Reputation: 1352
For a project I use the R package wordVectors, and the function train_word2vec() see an example here
My first question: This function requires a train_file, which is a single .txt file (on your computer). For now, you have to store this file in a specific directory in your computer. But I have the file also in my R environment (in a data.frame, within the column called: text (df$text) ).
I want to avoid reading the .txt file, but instead use an R data.frame with text. Is there a workaround?
My second question: The same function (train_word2vec) has a 'ouput' parameter, described as 'Path of the output file'. Again, I don't want to get anything on my computer, so is there a workaround that I can store the output model (let's say "vec.bin"), in my R environment (R-script)?
CODE:
library(devtools)
install_github("mukul13/rword2vec")
library(rword2vec)
model=word2vec(train_file = "text8",output_file = "vec.bin",binary=1)
# Instead of "text8" I want to insert a data.frame column (containing text).

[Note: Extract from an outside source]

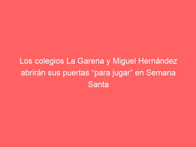 Los colegios La Garena y Miguel Hernández abrirán sus puertas “para jugar” en Semana Santa
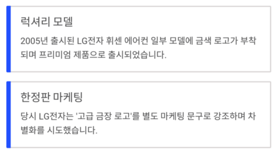 엘지전자에서는 별도 마케팅 문구로 '고급 금장 로고'를 강조했었죠.

# Instead of "vec.bin" I want to have something Like "foo <- vec.bin" in R. So that the output stays within R and not on my PC.
Upvotes: 0
Views: 135
Reputation: 26843
rword2vec
is a thin wrapper around word2vec
, a program written in C that expects to read from training a training file and write to an output file. See for example here: https://github.com/mukul13/rword2vec/blob/master/R/word2vec.R#L28. The corresponding C function is here: https://github.com/mukul13/rword2vec/blob/master/src/word2vec.c#L638. There is no way to read or write data.frame
s there.
Have you tried text2vec as an alternative? At least at first sight it looks more flexible.
Upvotes: 1